By: Rabbi Efrem Goldberg
What if you knew when you were going to die? A group of researches in Germany collected blood samples from 44,168 people with ages ranging from 18 to 109 years old. Over the next 17 years, 5,512 people from that group died. After looking at 226 biomarkers in the samples, the researchers determined that 14 of the blood measurements, including inflammation and fluid balance, were the greatest indicators to predict if a person would die within the next 5 to 10 years.
To test their theory, they analyzed blood sample data taken from 7,603 people in 1997. Then, using the 14 identified biomarkers, they attempted to predict the likelihood that each person would have died within the next five to 10 years. They found their predictions were right approximately 83 percent of the time, higher than even they anticipated.
Based on their conclusion, published in a prominent medical journal, with one sample of your blood you can know if you don’t change anything, how much longer you will live. The question is what will you do with that information?
The truth is, we don’t need a blood test to tell us that we won’t live forever. In South Florida we are currently facing a category 5 hurricane with potentially catastrophic conditions. When a new storm develops and begins heading towards making landfall, the experts offer their best projections of where it is going and when it will get there. The “cone of uncertainty” is formed, and with each periodic update the communities and people in its path desperately look to see if they are still projected to sustain a hit. As long as one remains in the cone of uncertainty, there is an unavoidable angst and the tortuous process of waiting and anticipating what is to come.
If this past year in the world in general and our community in particular has taught us anything, it is that we are all in the cone of uncertainty always. Each day that we wake up is uncertain of what it can and will bring. Will we be visited by a devastating diagnosis, a mass shooting, a natural disaster, a terror event, a car accident or some other threat? None of us have certainty; at these times, we all confront our mortality and vulnerability.
But what do we do with that feeling? Will we give up, give in, fatalistically become complacent and content?

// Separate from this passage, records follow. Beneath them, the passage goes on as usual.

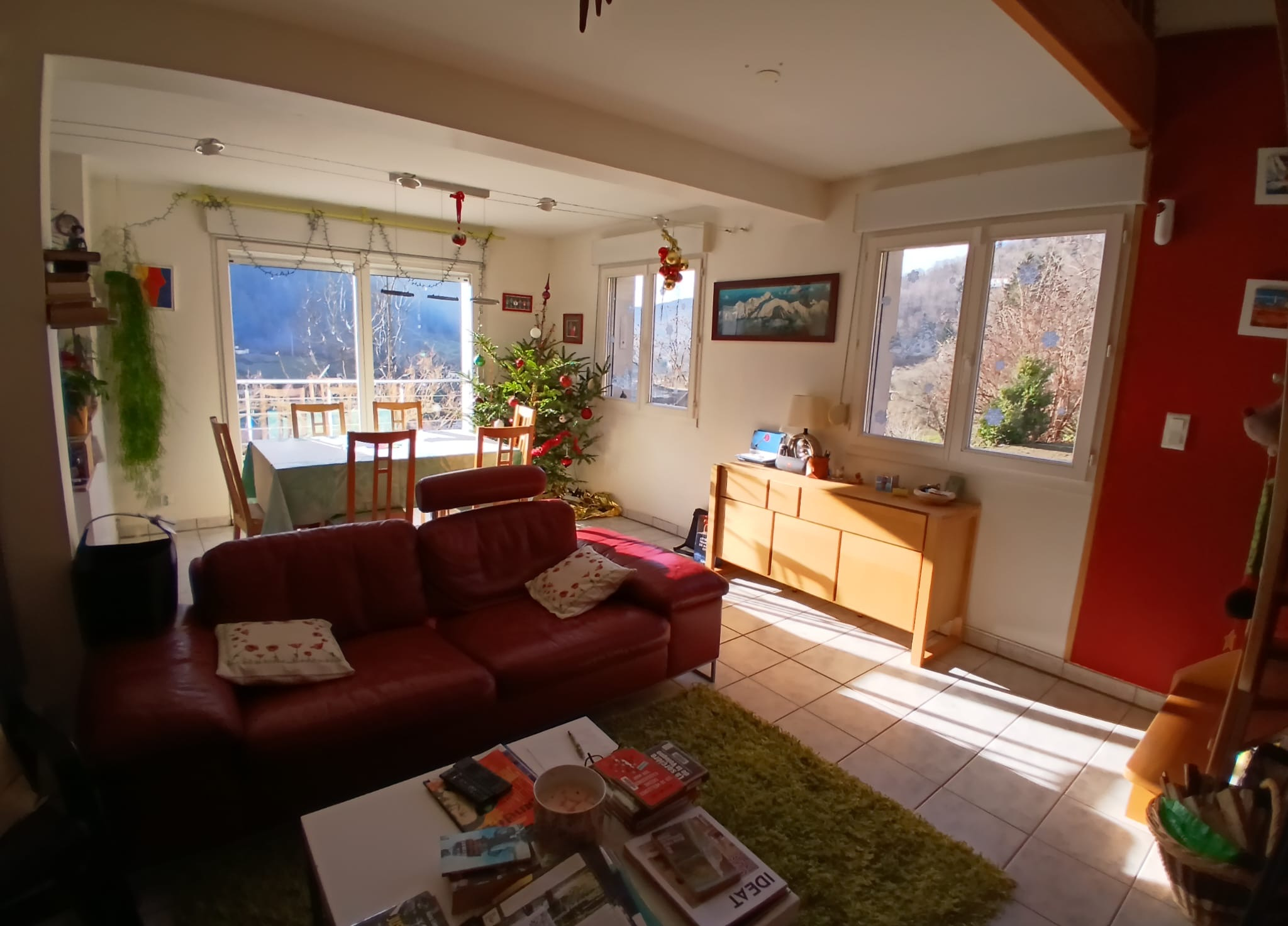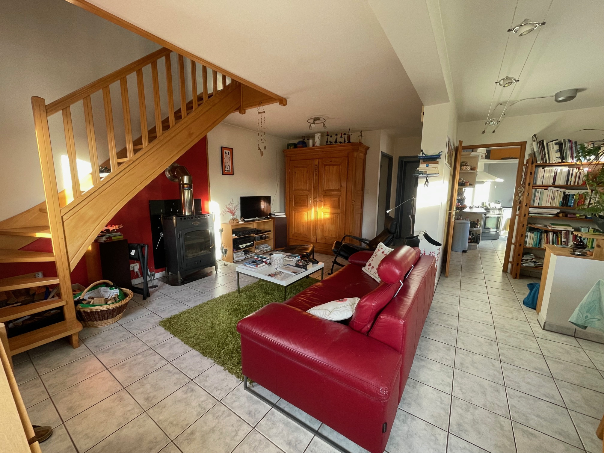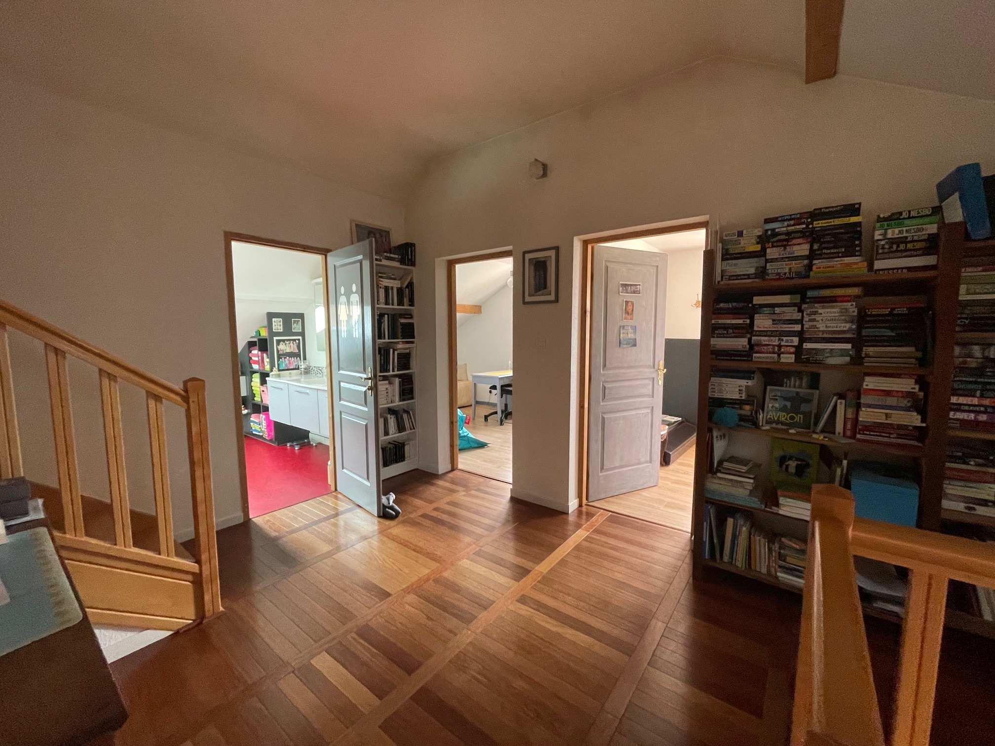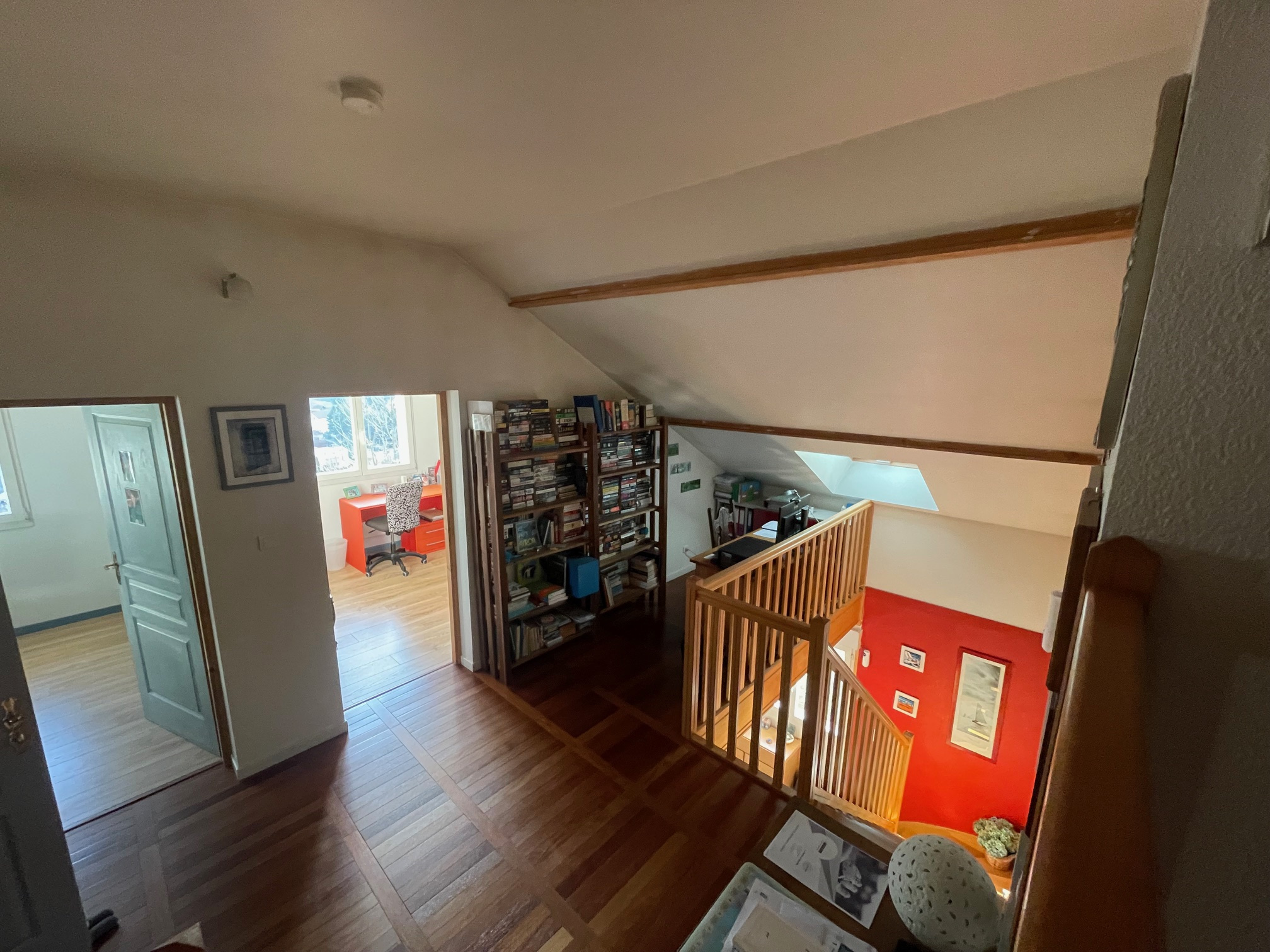 À l'étage : mezzanine/bureau, 2 chambres, salle de douche + WC. Au demi-niveau supérieur : 2 chambres avec placards.
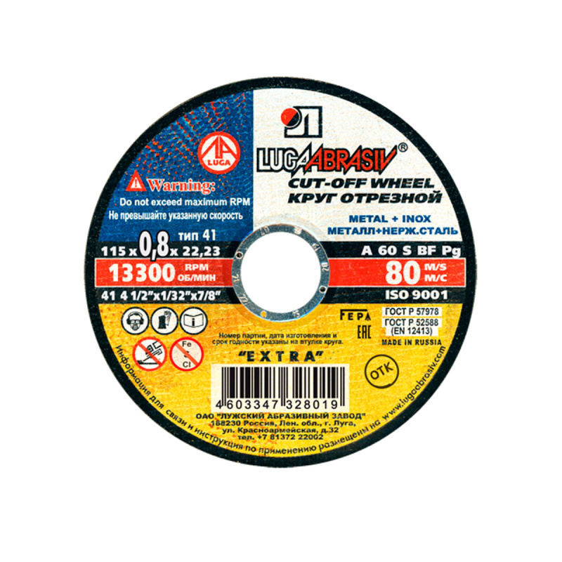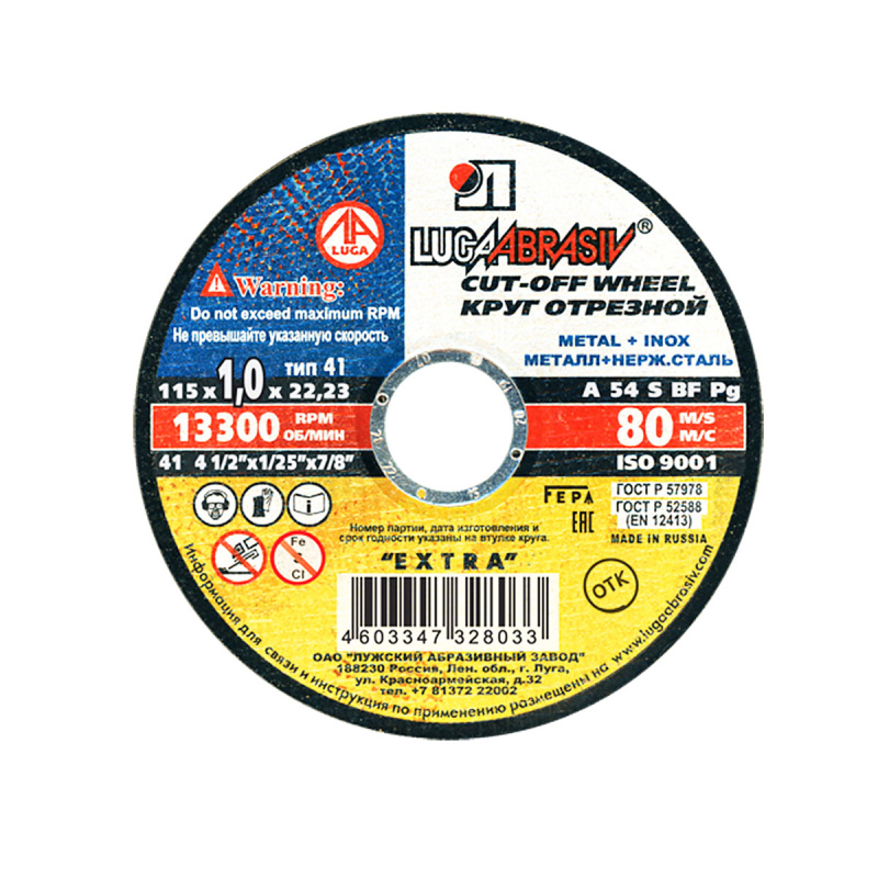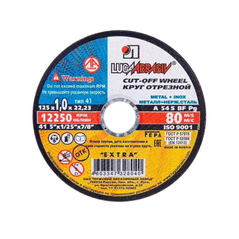 Арт. 001115026 Круги отрезные по камню бетону Луга 54С БУ80
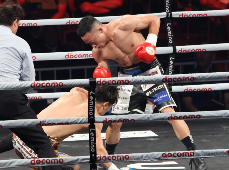 相手のスリップ後のパンチで注意を受けた岩下(右)
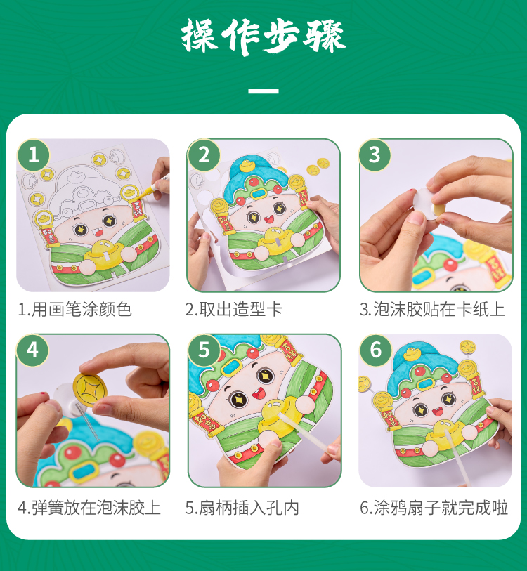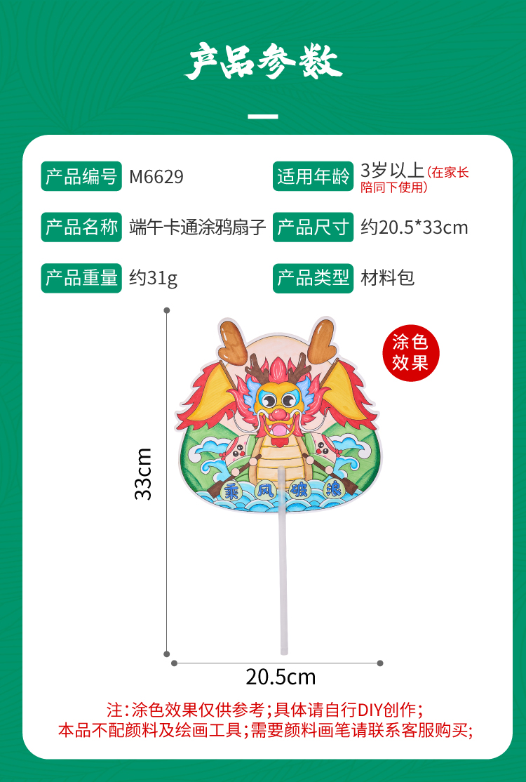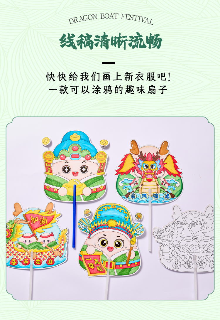 2025端午节礼物卡通涂鸦扇子手工diy创意美术儿童自制作材料包幼儿园
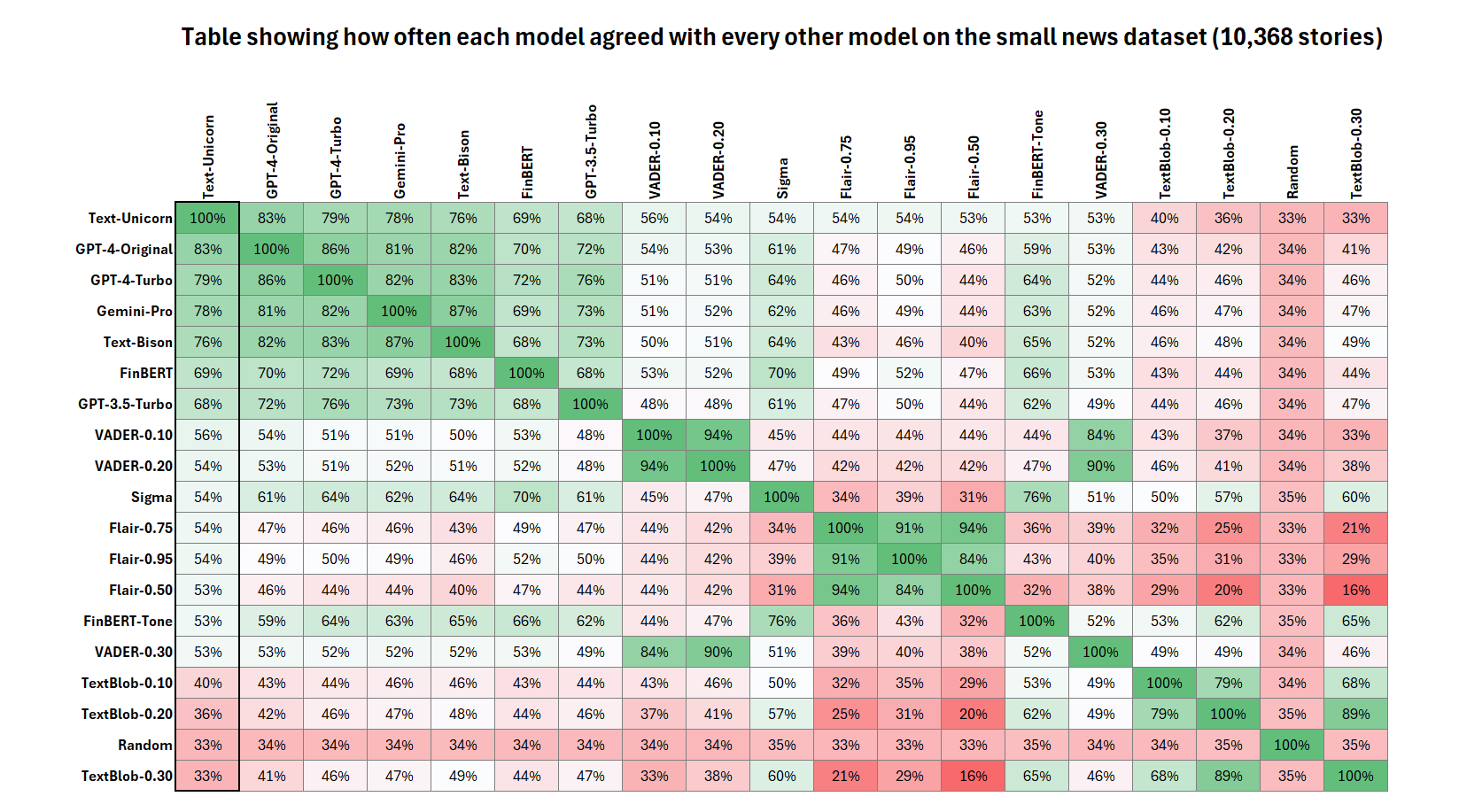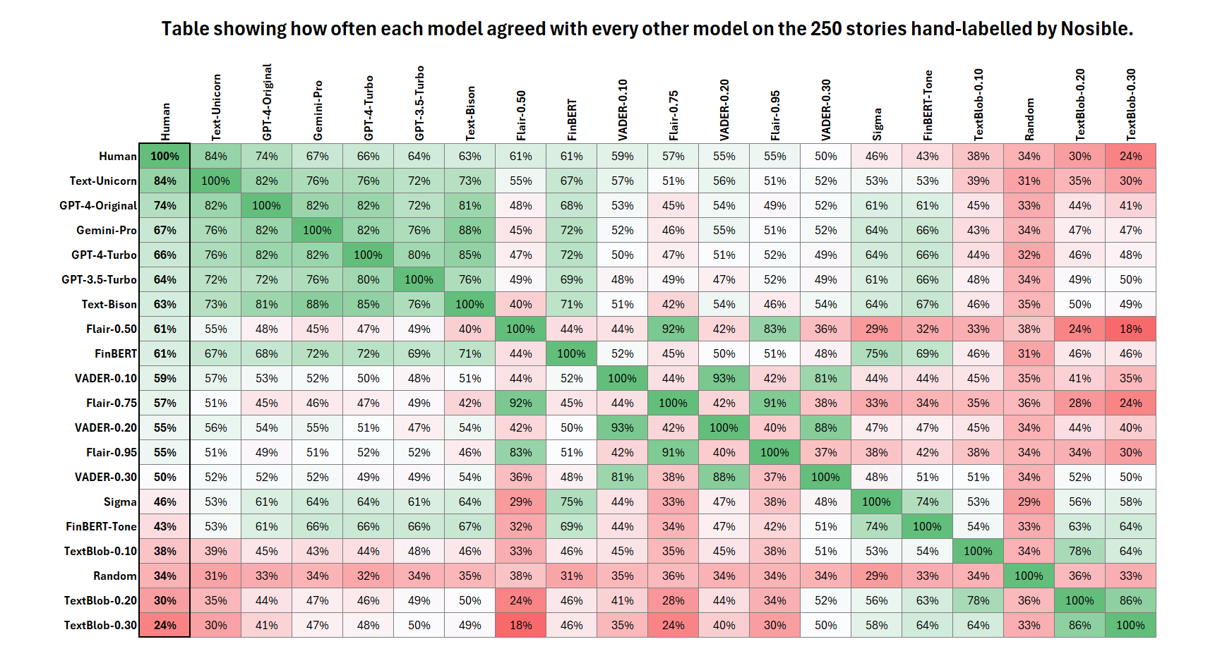 - First place went to the Unicorn PaLM-2 LLM from Google. It assigned the same sentiment as we did an incredible 84% of the time!
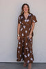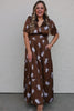 This half-sleeve surplice maxi dress features a floral satin print with tiered layers, an elastic waistband, and convenient pockets, making it an ideal choice for transitioning into fall.
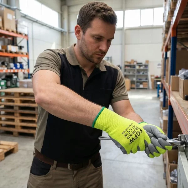 Kraftigt fluorescerende stof gør håndpositioner tydelige i dunkle omgivelser. Holdet opfatter signaler med det samme, hvilket hjælper med at undgå farlige fejl omkring maskiner.
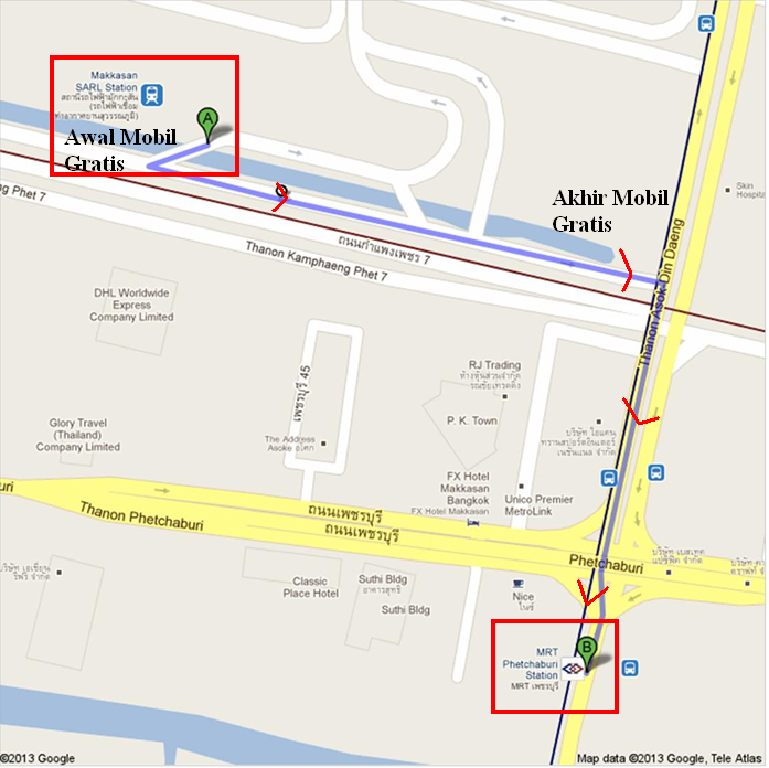 Peta Jalan Kaki Dari Stasiun Makassan ke Stasiun Phetchaburi (Sumber : Google Map dengan modifikasi sendiri)
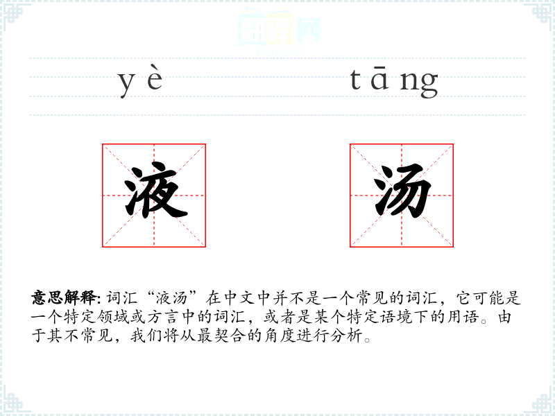 词汇“液汤”在中文中并不是一个常见的词汇,它可能是一个特定领域或方言中的词汇,或者是某个特定语境下的用语。由于其不常见,我们将从最契合的角度进行分析。
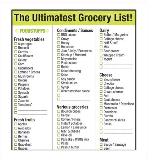 Creating A Shopping List Template For Efficient Shopping Free Sample
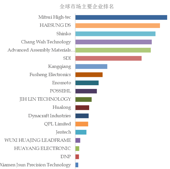 根据168Report的调研,2023年全球引线框架市场规模大约为40亿美元,未来6年复合增长率为4.1%。其中规模较大的公司依次为Mitsui High-tec、HAESUNG DS、Shinko、Chang Wah Technology、AAMI(即先材国际)、SDI等。该行业基本由日韩台系企业所主导,A股上市公司康强电子排名第七,而至正股份在注入先材国际后,将成为全球第五大引线框架企业。
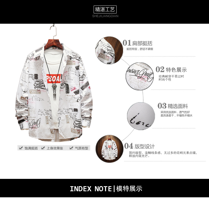 衬衫男2019春秋季新款潮牌日系男士长袖衬衫宽松潮流休闲衬衣外套

Or, will it motivate us to stop procrastinating and take advantage of each and every moment? Will we not bother trying because what is it all worth, or will we finally stop saying I will get to it and make it, whatever it is for us, happen right now? We don’t know what tomorrow will bring, we can only make the most of today.
Our rabbis describe two opposite reactions to a feeling of mortality and fragility. They discourage us from approaching life with the attitude of echol, v’shaso, ki machar namus, eat, drink and be merry for tomorrow we may die. Recognition of our own mortality has for some become a license for hedonism, to live selfishly and spend life pursuing immediate gratification and instant pleasure
Instead, our rabbis encourage us to say im lo achshav aimasai, if not now, when. Judaism teaches us to take our feelings of fragility and vulnerability and use them as springboards to grow, change and make a difference. A sense of mortality should encourage us to take advantage of every moment, to cherish every opportunity. Indeed, the Torah believes carpe diem, seize the day, but not for pleasure and selfish interests. Rather, seize the day to contribute to society, positively affect another person, become a better spouse, parent or grandparent, make the most of every moment. It is never too late to become the person you were meant to be.
I am always amazed by our hurricane heroes, the people who step up, show up and so generously help others by lending their generator, putting up shutters, dropping off a flashlight or just sharing where there is no line for gas. Some face a category 5 hurricane turn inward only to take care of themselves and their home. Others confront a collective potential catastrophe and turn outwards asking what can I do for others? Some secure their home, their possessions and their safety and others think about a neighbor, a single, ill, or older person who may need some help. The feeling of mortality and fear of the unknown can inspire a more selfish today or a more selfless today, the choice is up to us.
We have begun the month of Elul and with it the countdown to the High Holy Days. It is not a coincidence that we end Mussaf both days of Rosh Hashanah and on Yom Kippur with a moving piyyut that begins each stanza by signing the word hayom, today.
None of us know what tomorrow will bring…literally. Will we be hit by a catastrophic storm or will it shift away from us? Will we suffer damage or emerge unscathed? Will we be in danger or escape safely? Uncertainty is a large cone and we are in it. Nobody, including the weather people, know what tomorrow brings. So for now, let’s make sure to live our best lives in the only dimension we can – hayom, today.
Rabbi Efrem Goldberg is the rabbi of the Boca Raton Synagogue.